Planning ahead and understanding the general requirements of an appropriate evacuation plan can help lead your family, friends and neighbours to safety.
Home evacuations may arise from a number of possible situations, including flooding, fire and wind damage. Preparation in advance includes educating the family on possible scenarios, practicing evacuation procedures and planning for recovery. Evacuation procedures for fire scenarios include planning multiple escape routes, exiting to safety and contacting emergency personnel once evacuated. Those with multiple floors should plan on using a fire escape ladder to reach safety. Once out of the house, account for all family members, including your pets, then go to a neighbour's house to contact emergency services and await their arrival.
Evacuations for disasters which provide warning ahead of time, such as flooding and hurricanes, require careful planning. When developing an evacuation plan in these emergencies, discuss multiple evacuation routes and follow local authority guidelines. Refrain from driving over flooded roadways and evacuate when ordered to for the best chance of reaching safety. If time permits, shut off water, gas and electric before leaving and grab important documents, such as banking information, mortgage documents and insurance papers.
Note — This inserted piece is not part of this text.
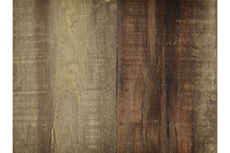 この深いエッチングは、まさに過ぎ去りし時を表しています。一方、ブラウン色にわずかにグレイ色が入った裏面もアンティークな独特の風合いを持っています。樹種はホワイトパイン、シダーが中心です。

Office evacuation procedures relating to fire, severe weather and chemical spills should receive the necessary attention of all employees, including management. Evacuation drills held on a regular basis allow employees to get used to evacuation procedures and warning siren meanings so that they are fully prepared in case of an emergency. Evacuation procedures should include warning sirens, designated exits and meeting spots for various departments, personnel and floors. Each department should have a designated point of contact, prepared with a roster of employees to ensure that each employee has reached safety. Companies should appoint specific managers and personnel to contact emergency services, so as to not overwhelm the emergency system.
Consider that not all emergencies will require evacuation. Tornado warnings, for instance, may signify a shelter-in-place situation. In this case, whether at home, work or school, safety procedures call for seeking shelter in an interior hallway, lower level of the building or storm shelter. Evacuation procedures also call for advanced preparation. This includes maintaining, at minimum, a half tank of gas in your car and a well-stocked emergency supply kit. Take into consideration the elderly members of your family, children and pets. Revise any evacuation procedures as necessary to ensure that all members of the family reach safety.